Task instructions: Find, in the records below, the line that contains "إخطار عدلي مطبوع" and the line that contains "そして最終的には前年対比10". Copy those two lines and everything between them exactly, but not the pictures.

Data to examine:
--------

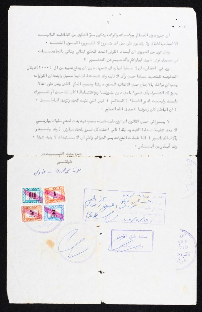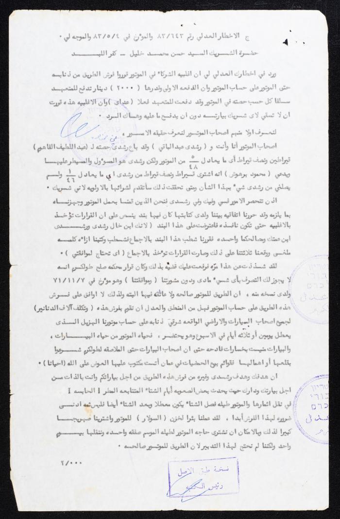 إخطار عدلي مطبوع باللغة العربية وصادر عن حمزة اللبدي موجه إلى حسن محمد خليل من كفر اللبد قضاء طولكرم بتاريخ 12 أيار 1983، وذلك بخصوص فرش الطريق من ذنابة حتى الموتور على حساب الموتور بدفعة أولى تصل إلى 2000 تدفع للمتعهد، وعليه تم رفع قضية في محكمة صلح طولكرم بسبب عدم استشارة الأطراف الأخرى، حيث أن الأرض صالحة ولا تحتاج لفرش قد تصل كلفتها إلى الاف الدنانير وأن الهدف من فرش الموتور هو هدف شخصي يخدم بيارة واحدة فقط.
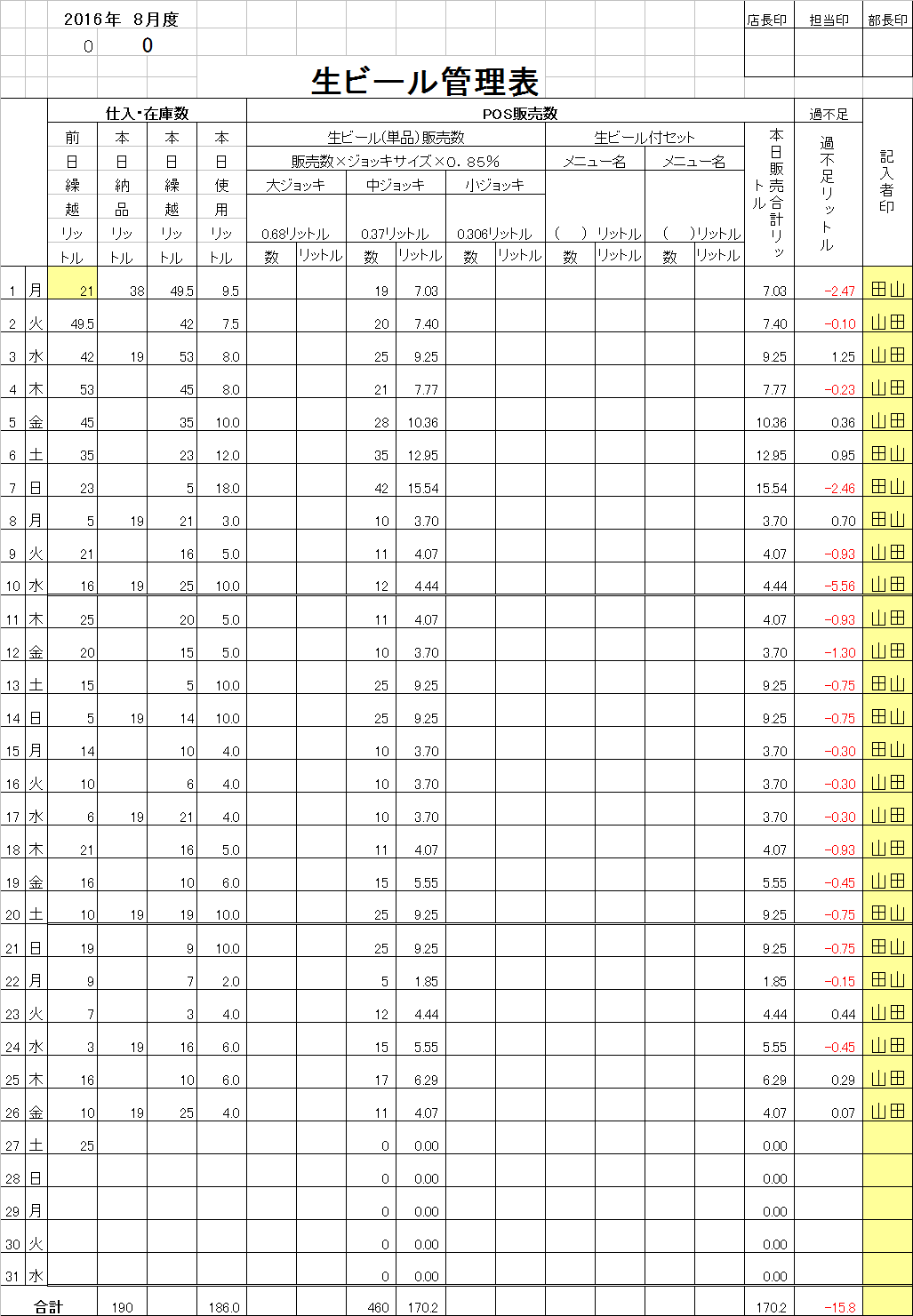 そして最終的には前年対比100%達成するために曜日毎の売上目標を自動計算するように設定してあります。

--------

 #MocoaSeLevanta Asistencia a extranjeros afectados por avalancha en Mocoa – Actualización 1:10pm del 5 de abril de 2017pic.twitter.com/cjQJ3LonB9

--------

Response to this task:
 إخطار عدلي مطبوع باللغة العربية وصادر عن حمزة اللبدي موجه إلى حسن محمد خليل من كفر اللبد قضاء طولكرم بتاريخ 12 أيار 1983، وذلك بخصوص فرش الطريق من ذنابة حتى الموتور على حساب الموتور بدفعة أولى تصل إلى 2000 تدفع للمتعهد، وعليه تم رفع قضية في محكمة صلح طولكرم بسبب عدم استشارة الأطراف الأخرى، حيث أن الأرض صالحة ولا تحتاج لفرش قد تصل كلفتها إلى الاف الدنانير وأن الهدف من فرش الموتور هو هدف شخصي يخدم بيارة واحدة فقط.
 そして最終的には前年対比100%達成するために曜日毎の売上目標を自動計算するように設定してあります。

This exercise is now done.